Does it depend on what file system I use? For example, ext2/ext3/ext4 but also what happens when I insert one of those "joliet" CD-ROMs with ISO 9660? I've heard that POSIX contains some sort of spec for the charset encoding of filenames?

Essentially, what I wonder is if I got a UTF-8 encoded filename, what processing/coversion do I need to do before I pass it to a file I/O API in Linux?

Best Answer

As noted by others, there isn't really an answer to this: filenames and paths do not have an encoding; the OS only deals with sequence of bytes. Individual applications may choose to interpret them as being encoded in some way, but this varies.

Specifically, Glib (used by Gtk+ apps) assumes that all file names are UTF-8 encoded, regardless of the user's locale. This may be overridden with the environment variables G_FILENAME_ENCODING and G_BROKEN_FILENAMES.

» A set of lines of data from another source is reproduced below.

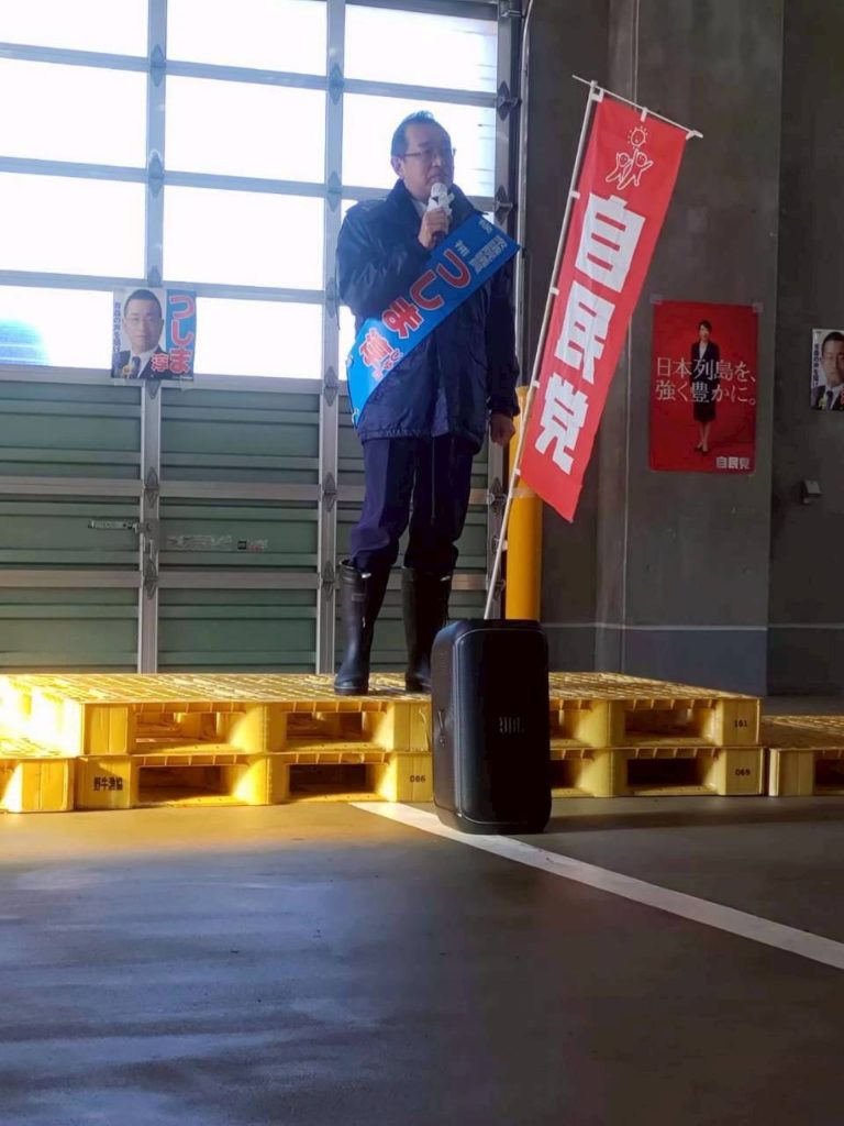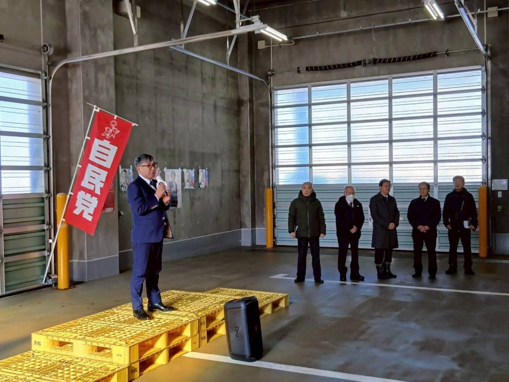 東通村では、野牛漁協の荷捌き施設をお借りして個人演説会を開催。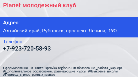 Planet, молодежный клуб по адресу Алтайский край, Рубцовск, проспект Ленина, 190 в дальнейшем Организация, размещена в следующих категориях: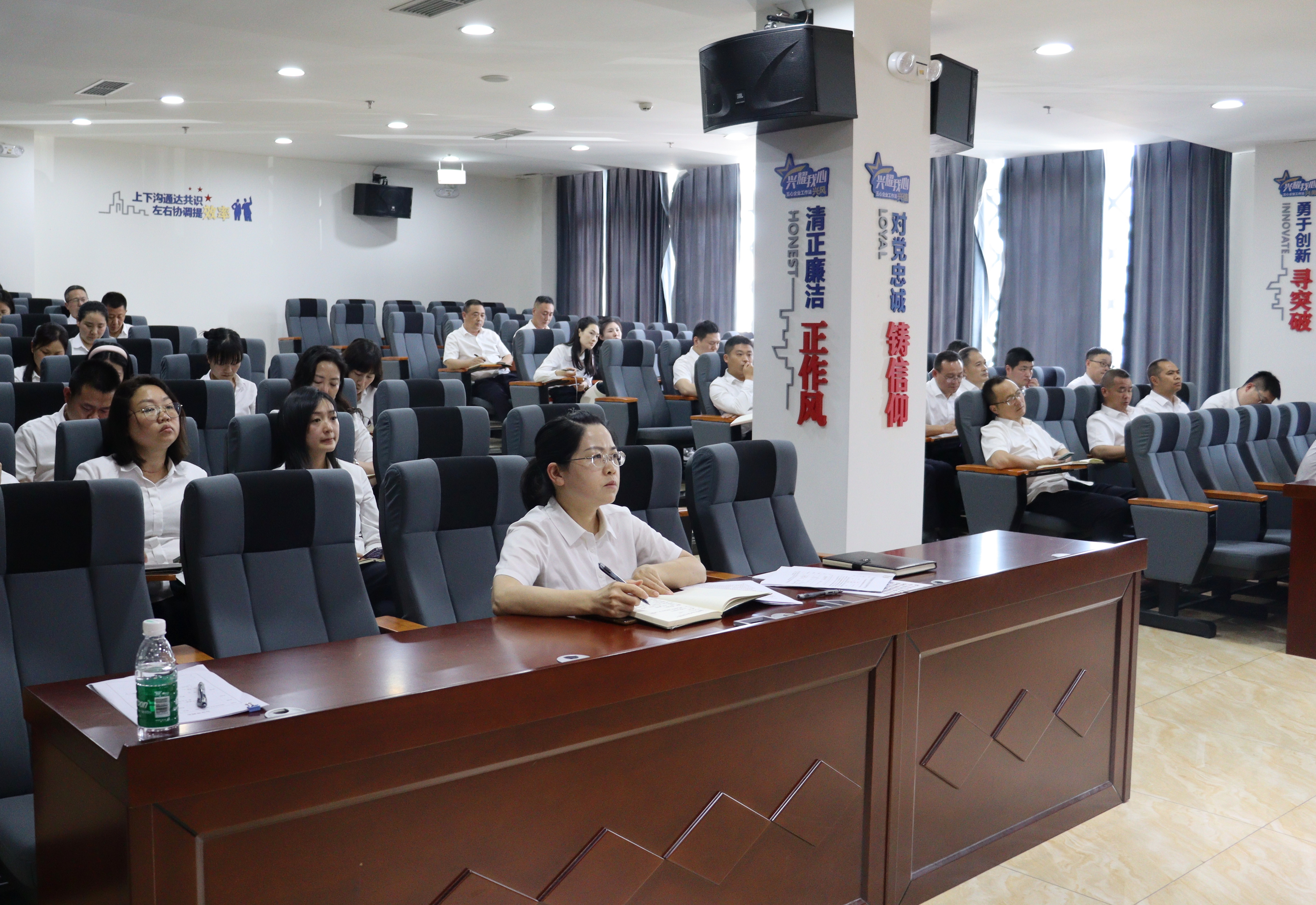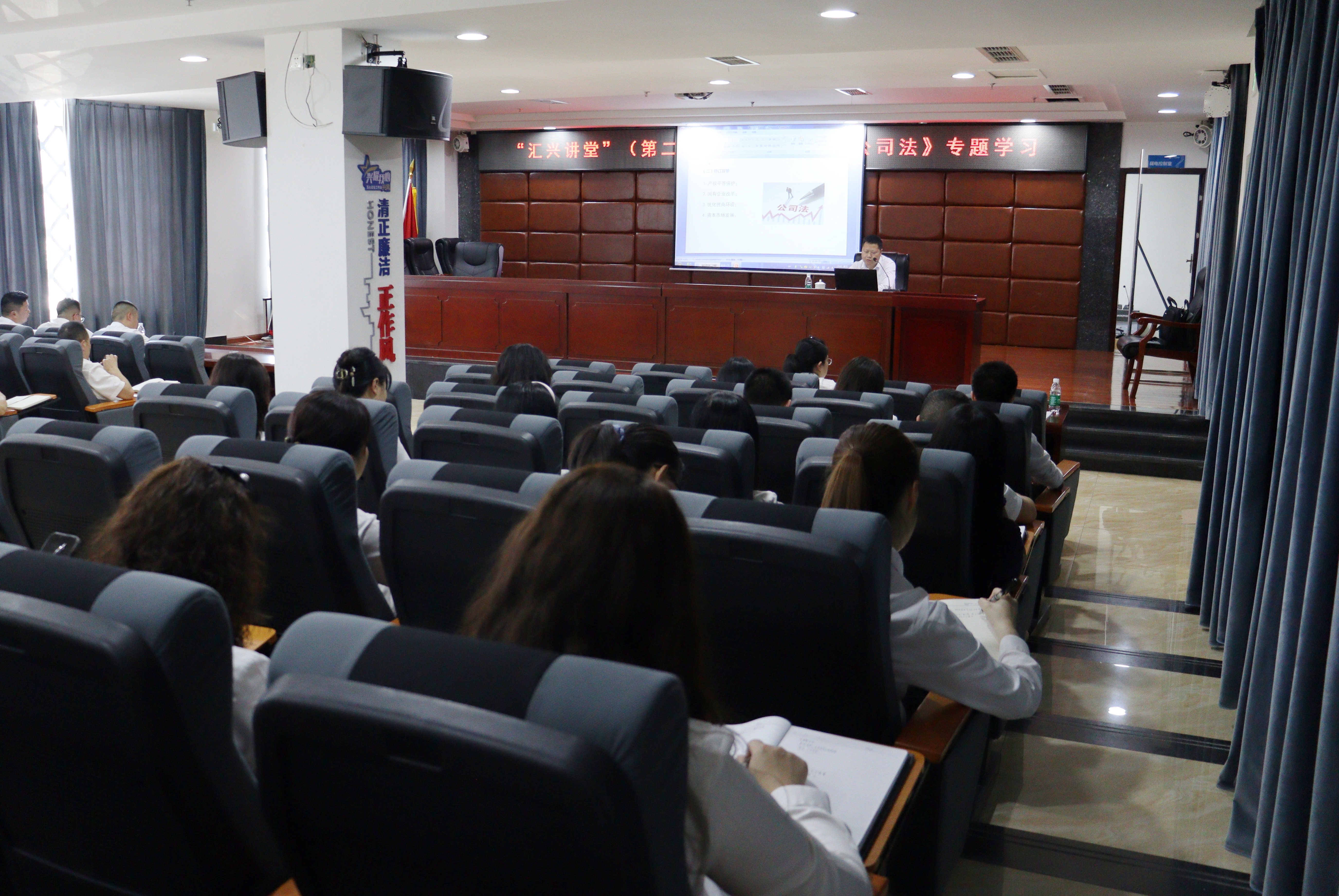 為深入推進(jìn)依法治企,4月26日,集團(tuán)公司在二樓會(huì)議室舉辦“匯興講堂”第二期培訓(xùn)班。此次培訓(xùn)以“新《公司法》專題培訓(xùn)”為主題,由集團(tuán)公司法務(wù)部、紀(jì)檢監(jiān)察審計(jì)部部長(zhǎng)王華主講,總公司及各子公司70余人參加。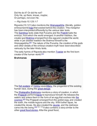 Hinduism contains various accounts of creation that are sometimes contradictory. The earliest text, the Rigveda, describes Purusha as the primeval cosmic being whose body parts were used to create different aspects of the world. It also mentions Hiranyagarbha, interpreted as either a mundane egg or a male-female energy, from which the gods and other beings were born. Later texts provide additional details on Prajapati and other gods involved in the creation, but acknowledge that the exact origins may never be known for certain.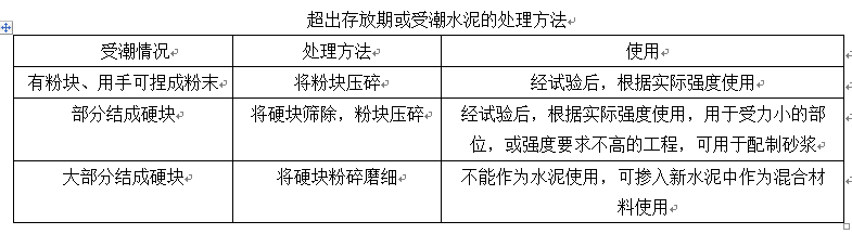 水泥存储期过长,其活性将会降低。一般存储3个月以上的水泥,强度约降低10%~20%。存放期超过三个月的通用水泥和存放期超过一个月的快硬水泥,使用前必须复验,并按复验结果使用。
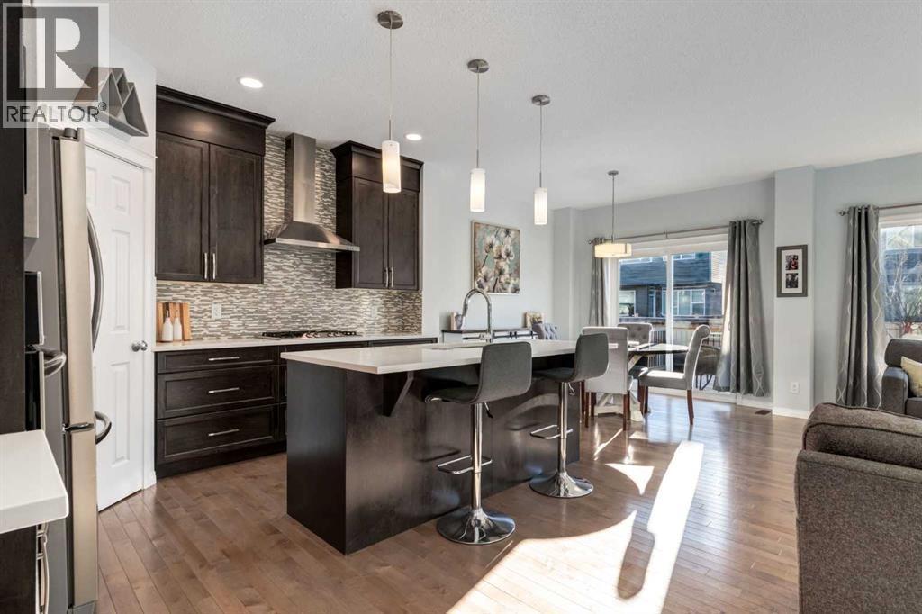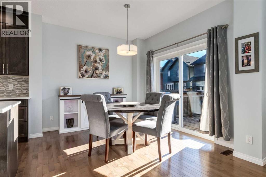 OPEN HOUSE: Saturday January 24th between 1-3pm. Welcome to this beautiful two storey home located in the desirable community of Sunset Ridge. This fully finished detached home offers over 2500sq ft of developed living space, featuring four bedrooms and three and a half bathrooms, perfect for families of all sizes. A bright, open-concept main floor showcases hardwood flooring and expansive windows that fill the space with natural light. The well appointed kitchen boasts dark maple cabinetry, gas cooktop, quartz countertops, stainless steel appliances with built-in microwave and oven, and a spacious walk-in pantry. The adjacent dining area opens to sliding patio doors leading outside to the fully landscaped, south-facing backyard, complete with a two-tiered deck; ideal for entertaining, relaxing, or enjoying sunny afternoons. An inviting living room features an electric fireplace framed by a stone surround, adding warmth and character to the space. Completing the main level is a convenient two-piece bathroom and direct access to the double attached garage. Upstairs, enjoy a spacious bonus room with vaulted ceilings, perfect for movie nights or family game nights. The primary suite is a true retreat, offering a luxurious five-piece ensuite with soaker tub, separate shower, double vanity, and a generous walk-in closet. Two additional bedrooms, a full bathroom, and convenient upper-floor laundry complete this level. The fully developed basement adds even more living space, featuring a recreation area, wet bar, three-piece bathroom, and an additional bedroom with a murphy bed; ideal for guests or a home office. Designed with sustainability in mind, this home is solar-ready for future energy efficiency and cost savings. Located just a short walk to the K–8 school and steps from parks and scenic pathways. Everyday conveniences, including a gas station, pub, and corner store, are close by, while quick access to Calgary and the Rocky Mountains adds to the appeal. Offering t he perfect blend of comfort, style, and convenience, this is a fantastic opportunity in one of Cochrane’s most sought-after communities. Don’t miss out on this exceptional home! (id:6769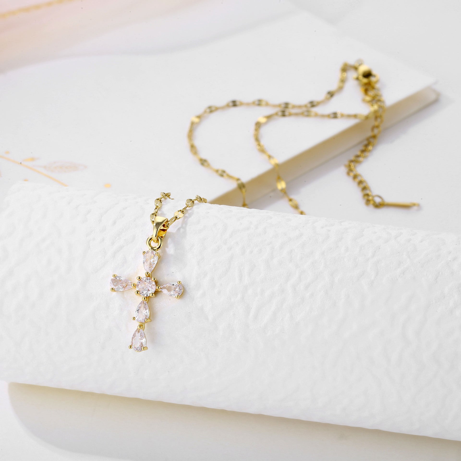 This Radiant Cross Pendant Necklace brings elegance and spirituality together. Made from durable stainless steel and coated in gleaming Gold, the pendant is encrusted with cubic zirconia for a delicate sparkle. The classic cross design, paiRed with a fine chain, adds a touch of timeless beauty to any outfit, making it perfect for everyday wear or special occasions. This necklace is hypoallergenic and tarnish-resistant, ensuring long-lasting shine.

On the other hand, Qt defaults to assuming that all file names are encoded in the current user's locale. An individual application may choose to override this assumption, though I do not know of any that do, and there is no external override switch.

Modern Linux distributions are set up such that all users are using UTF-8 locales and paths on foreign filesystem mounts are translated to UTF-8, so this difference in strategies generally has no effect. However, if you really want to be safe, you cannot assume any structure about filenames beyond "NUL-terminated, '/'-delimited sequence of bytes".

(Also note: locale may vary by process. Two different processes run by the same user may be in different locales simply by having different environment variables set.)